__YOUR TASK__:
Ignoring the pictures, copy the data exactly.

__SUPPLIED INFORMATION__:
Content starts

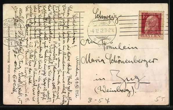 alte Ansichtskarte, gelaufen 1912, Bugspur li. unten, guter Zustand
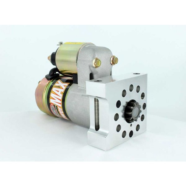 Light-Weight Permanent Magnet Design Provides Higher Cranking Torque With Low Amperage Draw For Engines Up To 10:1 Compression 1.2kw Starter Motor And 6:1 Planetary Gear Ratio 12 Clocking Positions To Clear Headers, Kick Out Oil Pans, Factory Cooling Lines, And More Powermaster?s newest addition to the LS starter line is their Powermax starter. With a light-weight permanent magnet design, provides higher cranking torque with low amperage draw for engines up to 10:1 compression. A 1.2kw starter motor and 6:1 planetary gear ratio result in a 7.5lb starter that packs a big punch in a small package. 12 clocking positions allow the already featherweight starter to fit in even more positions to clear headers, kick out oil pans, factory cooling lines, and more.
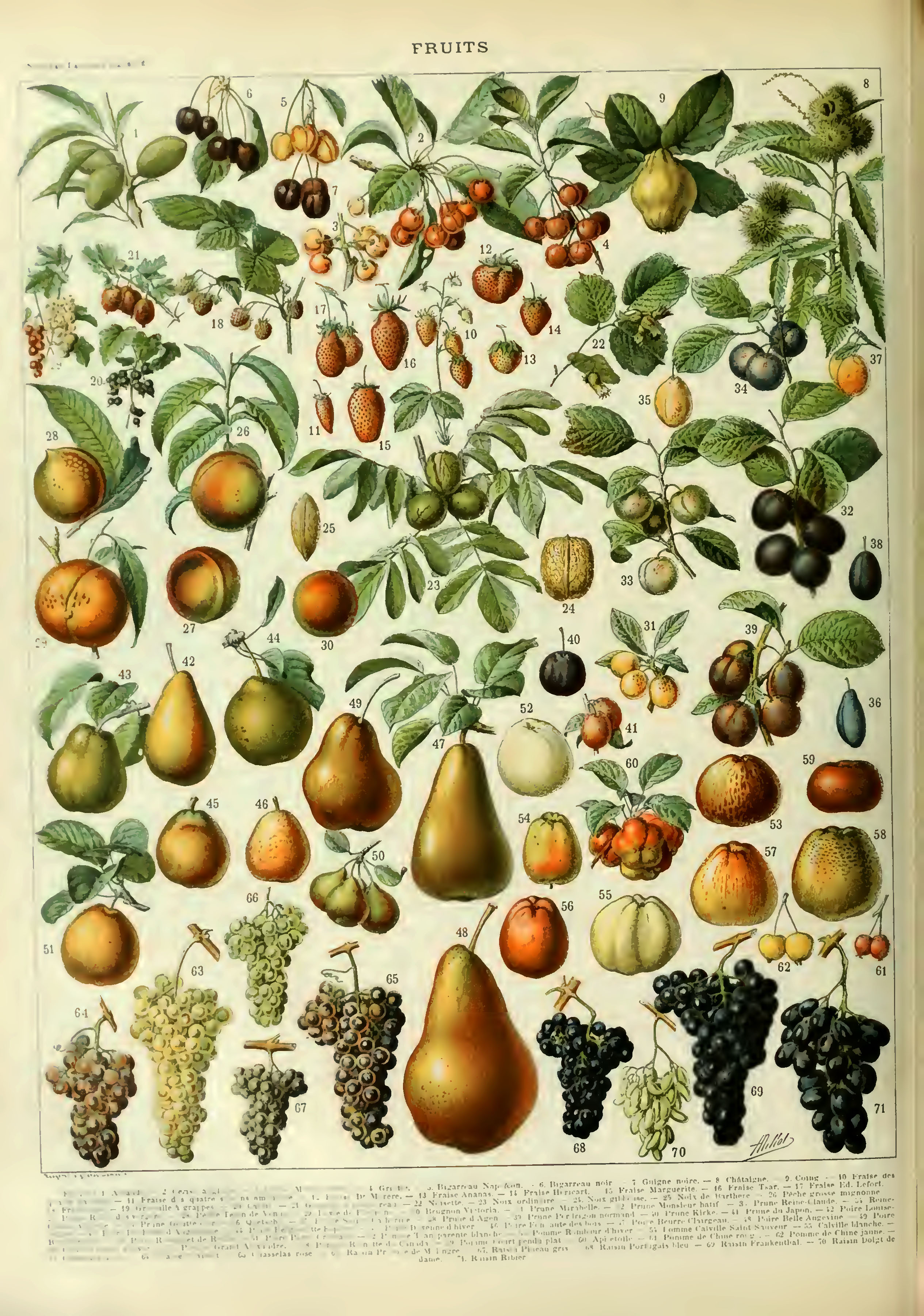 This first vintage fruit identification poster of Adolphe Millot features 71 different labelled fruits, from almonds to grapes. A key is at the bottom of the poster.
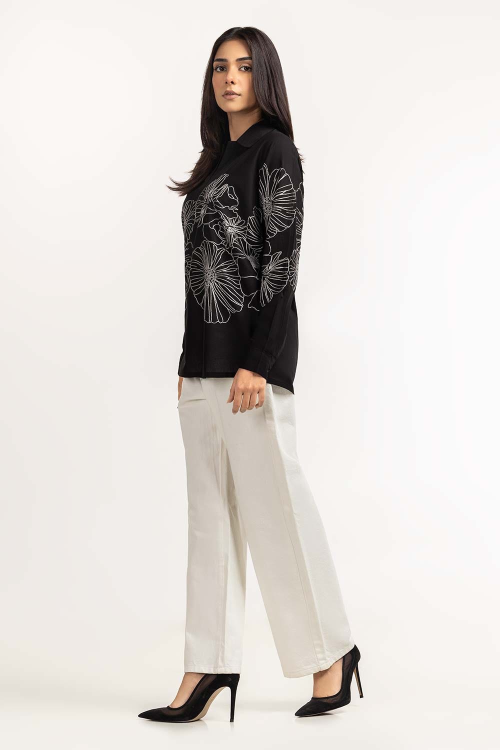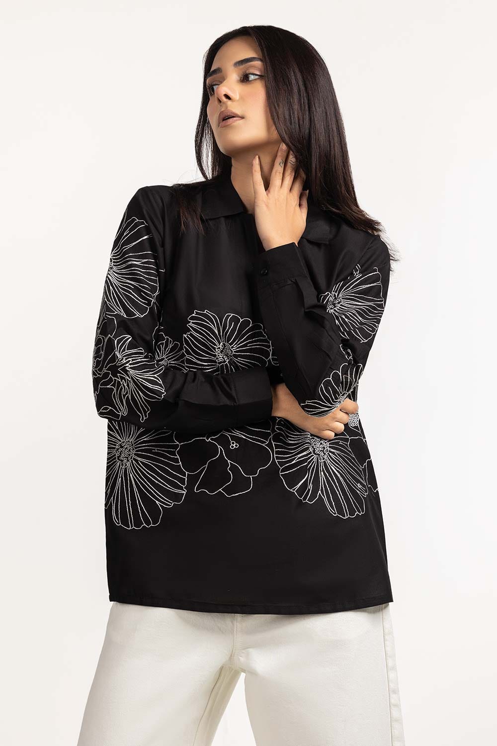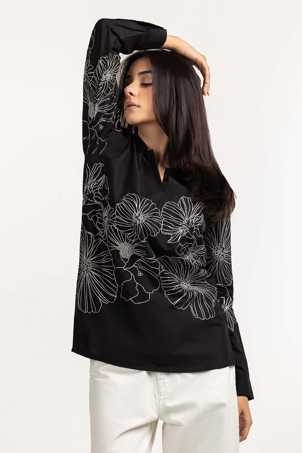 Blouse With Collar And Embroidery Detail On Front And Sleeves. Regular Model height is 5' 5" Model...

Content ends

__ANSWER SECTION__:
 alte Ansichtskarte, gelaufen 1912, Bugspur li. unten, guter Zustand
 Light-Weight Permanent Magnet Design Provides Higher Cranking Torque With Low Amperage Draw For Engines Up To 10:1 Compression 1.2kw Starter Motor And 6:1 Planetary Gear Ratio 12 Clocking Positions To Clear Headers, Kick Out Oil Pans, Factory Cooling Lines, And More Powermaster?s newest addition to the LS starter line is their Powermax starter. With a light-weight permanent magnet design, provides higher cranking torque with low amperage draw for engines up to 10:1 compression. A 1.2kw starter motor and 6:1 planetary gear ratio result in a 7.5lb starter that packs a big punch in a small package. 12 clocking positions allow the already featherweight starter to fit in even more positions to clear headers, kick out oil pans, factory cooling lines, and more.
 This first vintage fruit identification poster of Adolphe Millot features 71 different labelled fruits, from almonds to grapes. A key is at the bottom of the poster.
 Blouse With Collar And Embroidery Detail On Front And Sleeves. Regular Model height is 5' 5" Model...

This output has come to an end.